If CUDA is installed properly, the following commands should all work.
$ nvidia-smi # Driver
$ nvcc --version # CUDA
$ /sbin/ldconfig -N -v $(sed 's/:/ /' <<< $LD_LIBRARY_PATH) 2>/dev/null | grep libcudnn # CuDNN
¶ 2.6 Others
If the installation method above doesn’t work for you, these articles may be helpful:
- Easy installation of Cuda Toolkit on Ubuntu 18.04
- Tutorial: CUDA v10.2 + CUDNN v7.6.5 Installation @ Ubuntu 18.04
- Installing CUDA 10.1 on Ubuntu 20.04
¶ 3. A CUDA Program Example
The best way to learn CUDA is to read the official tutorial documentation, CUDA C++ Programming Guide, since it is NVIDIA’s own product. The book Multicore and GPU Programming: An Integrated Approach by Gerassimos is also quite good and is suitable for beginners.
Here is a simple example:
matadd.cu:
#include <stdio.h>
#include <cuda.h>
#include <cuda_runtime.h>
#define N 512
#define BLOCK_SIZE 16
// GPU 的 Kernel
__global__ void MatAdd(float *A, float *B, float *C)
{
// 根據 CUDA 模型,算出當下 thread 對應的 x 與 y
int i = blockIdx.x * blockDim.x + threadIdx.x;
int j = blockIdx.y * blockDim.y + threadIdx.y;
// 換算成線性的 index
int idx = j * N + i;
if (i < N && j < N)
{
C[idx] = A[idx] + B[idx];
}
}
int main()
{
float *h_A, *h_B, *h_C;
float *d_A, *d_B, *d_C;
int i;
// 宣告 Host 記憶體 (線性)
h_A = (float *)malloc(N * N * sizeof(float));
h_B = (float *)malloc(N * N * sizeof(float));
h_C = (float *)malloc(N * N * sizeof(float));
// 初始化 Host 的數值
for (i = 0; i < (N * N); i++)
{
h_A[i] = 1.0;
h_B[i] = 2.0;
h_C[i] = 0.0;
}
// 宣告 Device (GPU) 記憶體
cudaMalloc((void **)&d_A, N * N * sizeof(float));
cudaMalloc((void **)&d_B, N * N * sizeof(float));
cudaMalloc((void **)&d_C, N * N * sizeof(float));
// 將資料傳給 Device
cudaMemcpy(d_A, h_A, N * N * sizeof(float), cudaMemcpyHostToDevice);
cudaMemcpy(d_B, h_B, N * N * sizeof(float), cudaMemcpyHostToDevice);
cudaMemcpy(d_C, h_C, N * N * sizeof(float), cudaMemcpyHostToDevice);
dim3 blockSize(BLOCK_SIZE, BLOCK_SIZE);
dim3 numBlock(N / BLOCK_SIZE, N / BLOCK_SIZE);
// 執行 MatAdd kernel
MatAdd<<<numBlock, blockSize>>>(d_A, d_B, d_C);
// 等待 GPU 所有 thread 完成
cudaDeviceSynchronize();
// 將 Device 的資料傳回給 Host
cudaMemcpy(h_C, d_C, N * N * sizeof(float), cudaMemcpyDeviceToHost);
// 驗證正確性
for (i = 0; i < (N * N); i++)
{
if (h_C[i] != 3.0)
{
printf("Error:%f, idx:%d\n", h_C[i], i);
break;
}
}
printf("PASS\n");
// free memory
free(h_A);
free(h_B);
free(h_C);
cudaFree(d_A);
cudaFree(d_B);
cudaFree(d_C);
return 0;
}
In GPU computing, the smallest execution unit is called a kernel, which corresponds to the function executed by each thread on the GPU. That’s why we declare __global__ void MatAdd(): __global__ tells the compiler this is a GPU function, and MatAdd() simply adds matrices A and B at the same index into C.

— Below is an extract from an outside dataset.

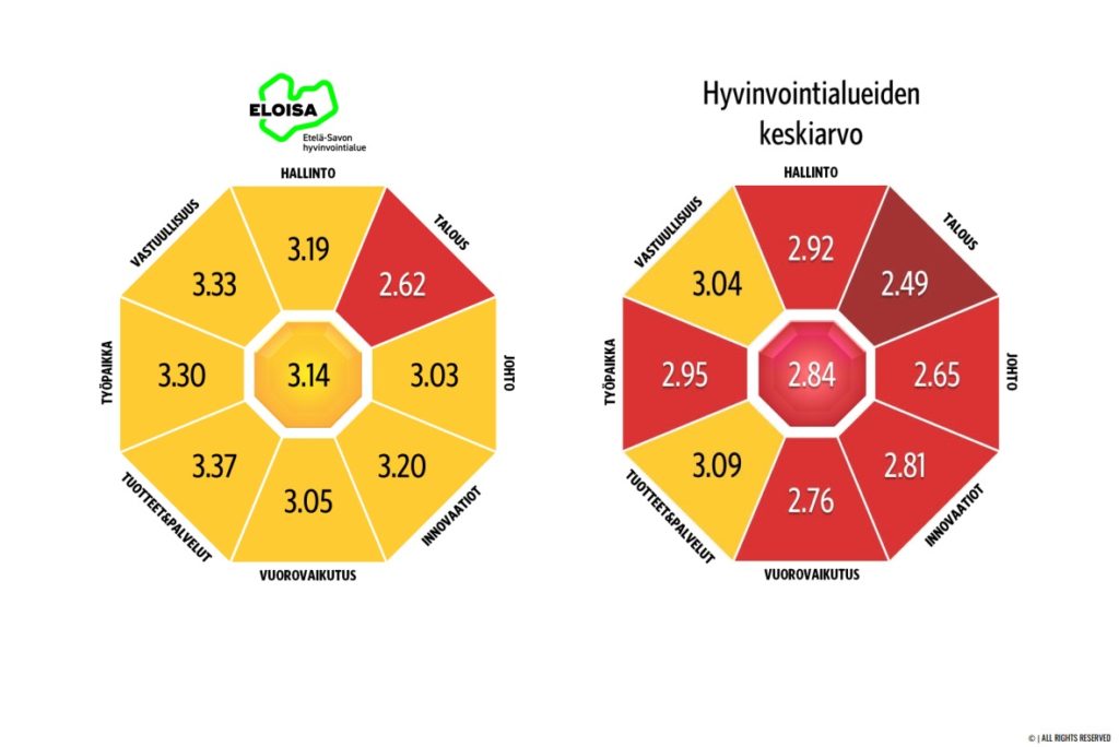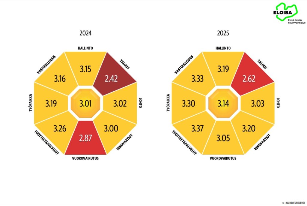 Näistä kohtalaiseen tulokseen Eloisa ylsi kaikissa muissa paitsi taloudessa, jossa tulos jäi heikoksi, mutta siinäkin oli nousua vuoden takaiseen verrattuna. Eloisan pistekertymä on kehittynyt positiiviseen suuntaan kaikilla maineen eri osa-alueilla.

Data is divided into the host side and the device side. Host refers to the CPU, and device refers to the GPU. Allocating memory on the host uses the normal malloc, while allocating GPU memory uses cudaMalloc.
Since we want to move computation to the GPU, the host data must be copied to the GPU first via cudaMemcpy before we can run MatAdd<<<numBlock, blockSize>>>. After the computation, we need to copy the data back from the GPU to the CPU via cudaMemcpy so the host can use the results.
When launching a kernel, the syntax MatAdd<<<numBlock, blockSize>>> is related to the GPU thread hierarchy.

As shown above, a GPU contains many blocks, and each block contains many threads. Therefore, when launching a kernel, you must specify how many blocks to use and how many threads to use within each block.
Once you roughly understand what is happening, you can compile and run:
$ nvcc matadd.cu; ./a.out
PASS
While it is running, you can call nvidia-smi in another terminal window to see GPU usage by matadd.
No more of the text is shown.